| What you need to do |
Images are not wanted; transcribe the rest of the listing exactly.

| Input data |
-=-=-=-=-

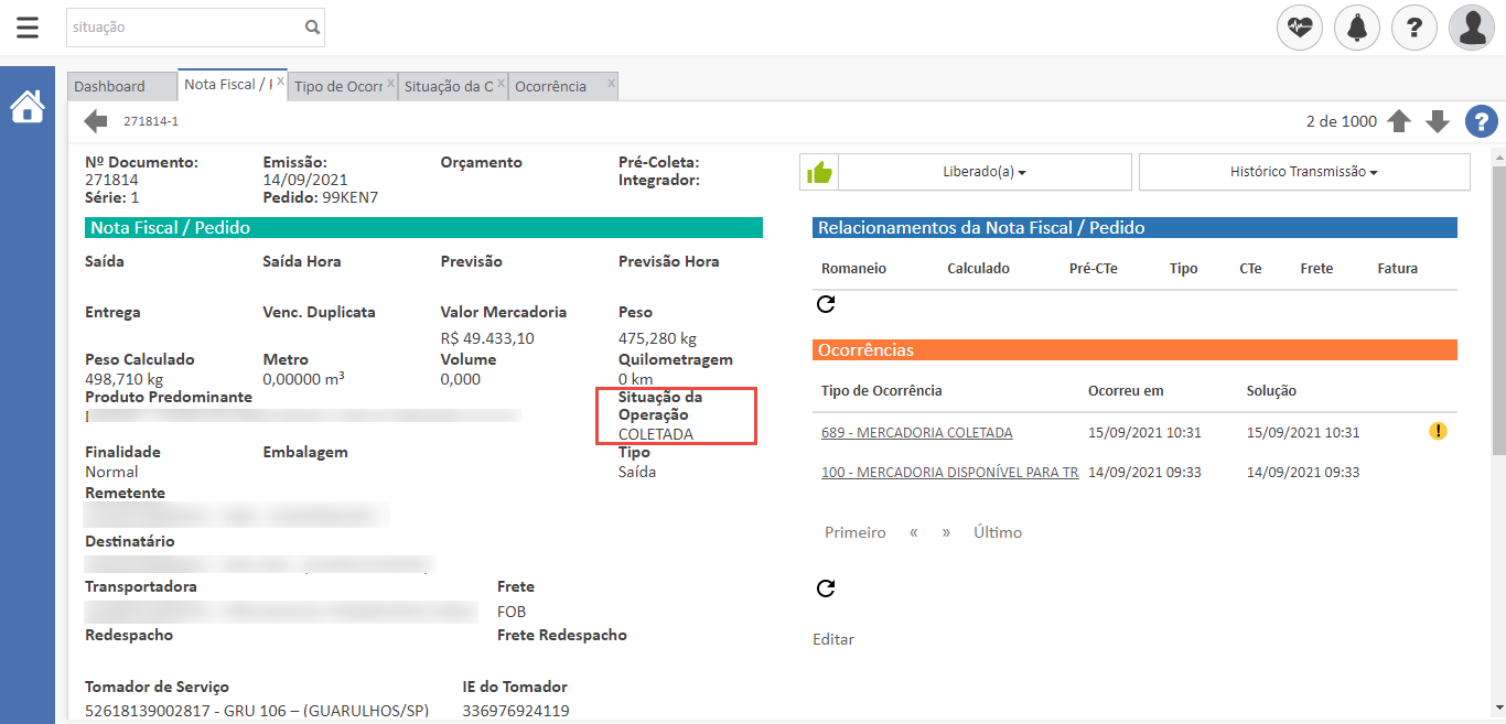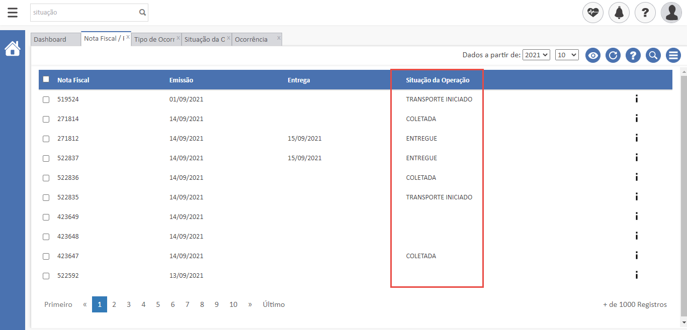 - Importante: Sempre que uma nova ocorrência for lançada e possuir a informação do Situação da operação, este status será atualizado na Nota Fiscal.
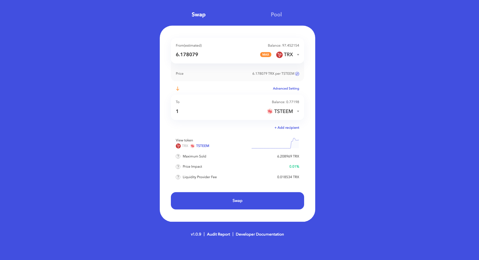 这样,你就可以在JustSwap上,将TSTEEM与TRX、USDT等资产直接交易。通过nutbox Gateway和JustSwap实现STEEM-TRX的交易。Steem与Tron的世界从来没有这么近过,如今在Nutbox的努力下,它们之间竟然如此顺滑。链接:《A new era of Steem DeFi: Nutbox is supporting STEEM-TRX, STEEM-PNUT, STEEM-USDT exchanges》《Trade STEEM to TRX/USDT on nutbox.io and JustSwap》
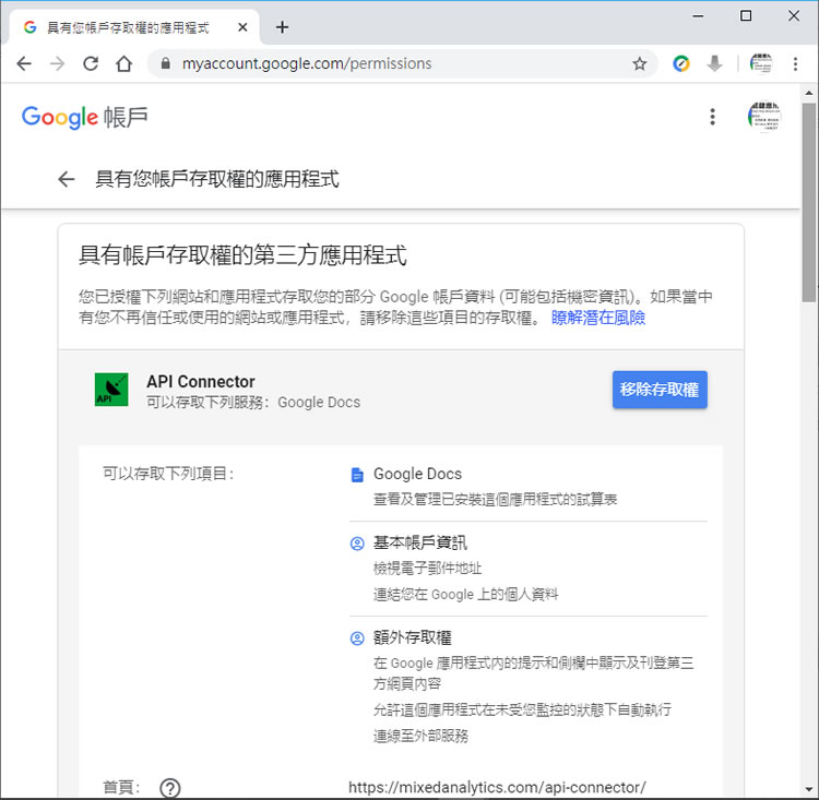 首頁操作技巧Google 如何移除具有 Google 帳戶存取權的第三方應用程式? 在使用某些網站服務或是應用程式時,如果需要註冊,通常會要求使用像是 Google、Microsoft、Facebook 等帳號進行註冊,這樣的作法對網站或應用程式的管理員來說除了方便管理,對用戶來說也簡單方便,不需要記住多組帳號密碼,但註冊容易,那要退出呢?或是時間久了,想要整理帳號所註冊過的網站服務或應用程式呢?如果是使用 Google 帳號,我們可以透過「Google 帳戶」這個 Google 服務來移除之前所註冊過有 Google 帳戶存取權的第三方應用程式,以保護帳號的安全。 🔔 不錯過任何精彩! 立即訂閱我們的 LINE 官方帳號 每次發佈新文章時,您將會第一時間收到本站文章連結通知,輕鬆掌握最新資訊! 使用 LINE 追蹤文章更新 §相關文章,還可以參閱:別再只會用兩指縮放 Google 地圖了!這些隱藏手勢讓你效率翻倍照著做就會!Google 官方釋出 NotebookLM 簡報製作的 8 種範例教學機車族專屬!Google Maps 推出 5 款超萌機車圖示 × 8 種顏色,設定步驟看這篇Google Skills:3000+ 門課程助你打造 AI 時代競爭力Google Vids 全解析:一文看懂功能、免費版限制及完整操作步驟 如何移除具有 Google 帳戶存取權的第三方應用程式? 1.使用瀏覽器進入 「Google 帳戶」 網站,登入後,便可在左側方的功能表,點擊[ 安全性 ]。 2.在具有帳戶存取權的第三方應用程式處,點擊[ 管理第三方存取權 ],進入後,可以找出具有帳戶存取權的第三方應用程式及可透過 Google 帳戶登入網路服務。 3.點擊展開已授權項,除目可檢視詳細資訊外,也可以[ 移除存取權 ]。

-=-=-=-=-

| Solution |
 - Importante: Sempre que uma nova ocorrência for lançada e possuir a informação do Situação da operação, este status será atualizado na Nota Fiscal.
 这样,你就可以在JustSwap上,将TSTEEM与TRX、USDT等资产直接交易。通过nutbox Gateway和JustSwap实现STEEM-TRX的交易。Steem与Tron的世界从来没有这么近过,如今在Nutbox的努力下,它们之间竟然如此顺滑。链接:《A new era of Steem DeFi: Nutbox is supporting STEEM-TRX, STEEM-PNUT, STEEM-USDT exchanges》《Trade STEEM to TRX/USDT on nutbox.io and JustSwap》
 首頁操作技巧Google 如何移除具有 Google 帳戶存取權的第三方應用程式? 在使用某些網站服務或是應用程式時,如果需要註冊,通常會要求使用像是 Google、Microsoft、Facebook 等帳號進行註冊,這樣的作法對網站或應用程式的管理員來說除了方便管理,對用戶來說也簡單方便,不需要記住多組帳號密碼,但註冊容易,那要退出呢?或是時間久了,想要整理帳號所註冊過的網站服務或應用程式呢?如果是使用 Google 帳號,我們可以透過「Google 帳戶」這個 Google 服務來移除之前所註冊過有 Google 帳戶存取權的第三方應用程式,以保護帳號的安全。 🔔 不錯過任何精彩! 立即訂閱我們的 LINE 官方帳號 每次發佈新文章時,您將會第一時間收到本站文章連結通知,輕鬆掌握最新資訊! 使用 LINE 追蹤文章更新 §相關文章,還可以參閱:別再只會用兩指縮放 Google 地圖了!這些隱藏手勢讓你效率翻倍照著做就會!Google 官方釋出 NotebookLM 簡報製作的 8 種範例教學機車族專屬!Google Maps 推出 5 款超萌機車圖示 × 8 種顏色,設定步驟看這篇Google Skills:3000+ 門課程助你打造 AI 時代競爭力Google Vids 全解析:一文看懂功能、免費版限制及完整操作步驟 如何移除具有 Google 帳戶存取權的第三方應用程式? 1.使用瀏覽器進入 「Google 帳戶」 網站,登入後,便可在左側方的功能表,點擊[ 安全性 ]。 2.在具有帳戶存取權的第三方應用程式處,點擊[ 管理第三方存取權 ],進入後,可以找出具有帳戶存取權的第三方應用程式及可透過 Google 帳戶登入網路服務。 3.點擊展開已授權項,除目可檢視詳細資訊外,也可以[ 移除存取權 ]。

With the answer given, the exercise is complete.